Work required
Only an exact repetition is needed: the lines from the start of the listing below through the line that contains "หลังอาหารนำท่านเดินทางโดยรถบัสสู่ ตำบลนำลาถิ 那拉提", pictures omitted.

Data to process
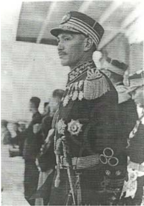
junshi weiyuanhui weiyuanzhang Jiang Zhong-zheng zhichi quanguo tongzijun dierci da jianyue (El Generalísimo del Consejo Militar Chiang Kai-shek dirige la segunda concentración nacional de escultistas), 8 de octubre de 1936.
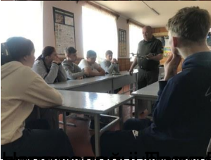
Відділ з організації безпечної роботи на підприємстві Державної служби з
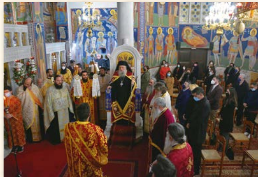
Πανήγυρις Αγίου Νικολάου Πλανᾶ (Νάξος 2-3-2022).
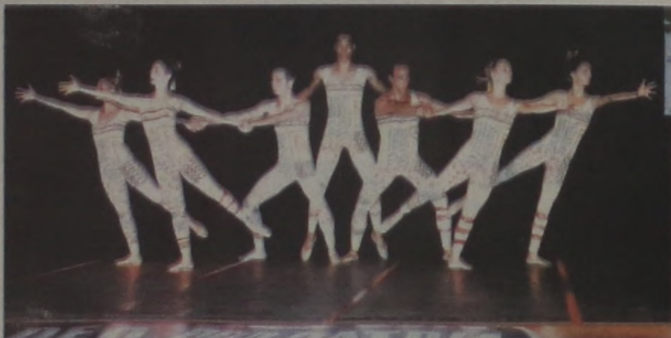
Da telona para o palco, a coreografia Lisbela e Prisioneiro é uma adaptação feita para o balé pela equipe da Academia Tablado Flamenco e que em breve poderá ser vista pelo público lençoiense
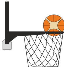
Рисунок 3 М'яч усередині кошика

31-21 Визначення. Є порушенням правила про перешкоду м'ячу, якщо гравець команди, що захищається, торкається м'яча, коли той перебуває всередині кошика.
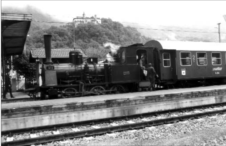
La locomotiva a vapore T3 all'arrivo nella stazione di Pont Canavese
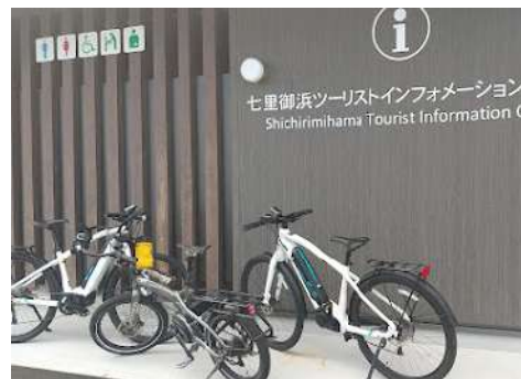
レンタサイクル[御浜町]
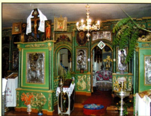
Вид нижнего зимнего храма
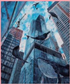
新会友 晴朗回顧 城内つばら
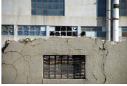
Fragment n°5 - Marseille, 2017 photographie numérique 50 x 70 cm
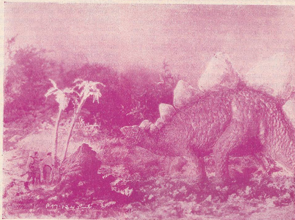
Un spécimen de Dinosaur dans les forêts de l'Amazone.
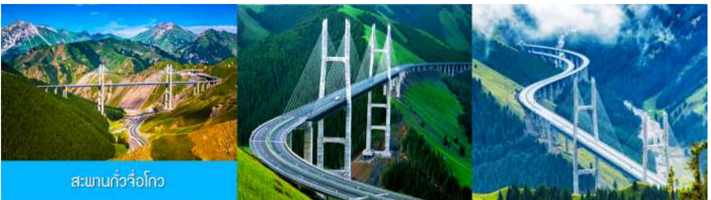
สะพานกั๋วจื่อโกว

หลังอาหารนำท่านเดินทางโดยรถบัสสู่ ตำบลนำลาถิ 那拉提 (ระยะทาง 300 กม. ใช้เวลาเดินทางราว 4 ชั่วโมง)
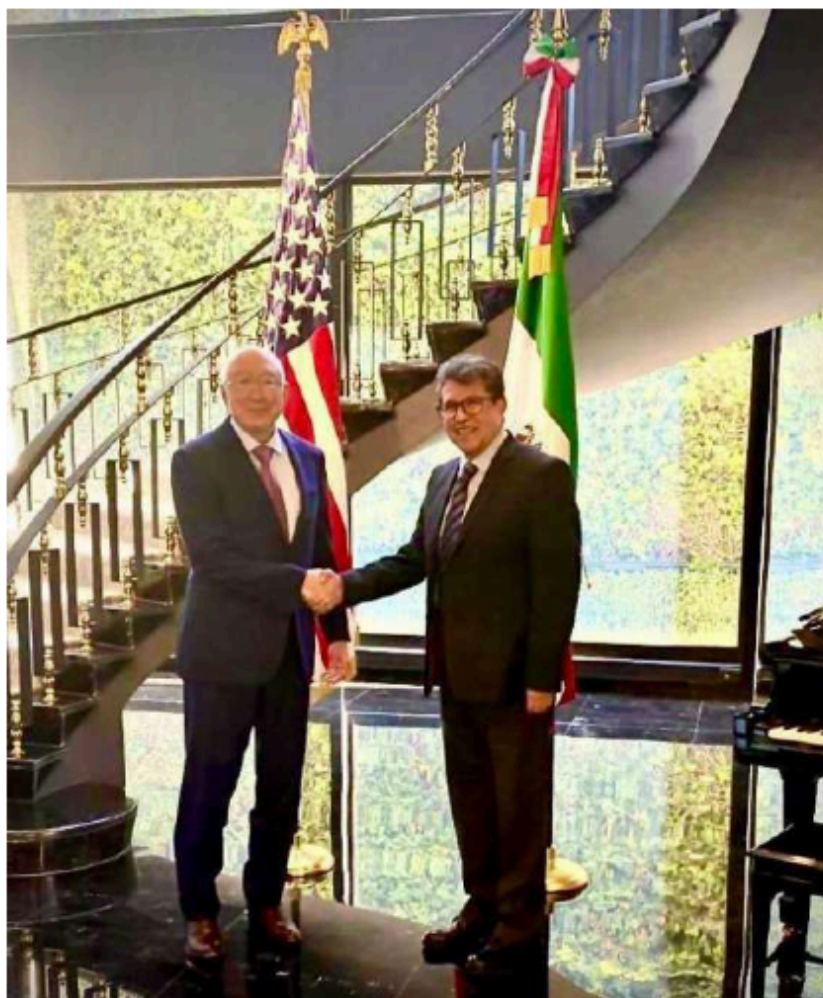
Ken Salazar, embajador de EU, se reunió con Ricardo Monreal.

Durante una conferencia de prensa, que ofreció en Michoacán el pasado 4 de febrero, Monreal Ávila afirmó que la posición de Ken Salazar sobre la reforma
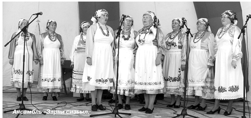
Ансамбль «Зарни сизылл».
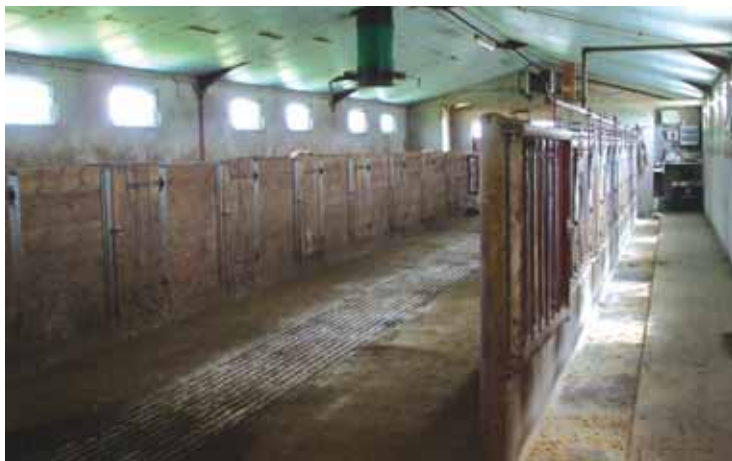
L'intérieur de la salle de tétée équipée d'un aérotherme et d'un extracteur
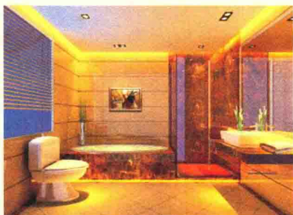
图1-7 卫生间石材装饰

Result of this exercise
junshi weiyuanhui weiyuanzhang Jiang Zhong-zheng zhichi quanguo tongzijun dierci da jianyue (El Generalísimo del Consejo Militar Chiang Kai-shek dirige la segunda concentración nacional de escultistas), 8 de octubre de 1936.
Відділ з організації безпечної роботи на підприємстві Державної служби з
Πανήγυρις Αγίου Νικολάου Πλανᾶ (Νάξος 2-3-2022).
Da telona para o palco, a coreografia Lisbela e Prisioneiro é uma adaptação feita para o balé pela equipe da Academia Tablado Flamenco e que em breve poderá ser vista pelo público lençoiense
Рисунок 3 М'яч усередині кошика

31-21 Визначення. Є порушенням правила про перешкоду м'ячу, якщо гравець команди, що захищається, торкається м'яча, коли той перебуває всередині кошика.
La locomotiva a vapore T3 all'arrivo nella stazione di Pont Canavese
レンタサイクル[御浜町]
Вид нижнего зимнего храма
新会友 晴朗回顧 城内つばら
Fragment n°5 - Marseille, 2017 photographie numérique 50 x 70 cm
Un spécimen de Dinosaur dans les forêts de l'Amazone.
สะพานกั๋วจื่อโกว

หลังอาหารนำท่านเดินทางโดยรถบัสสู่ ตำบลนำลาถิ 那拉提 (ระยะทาง 300 กม. ใช้เวลาเดินทางราว 4 ชั่วโมง)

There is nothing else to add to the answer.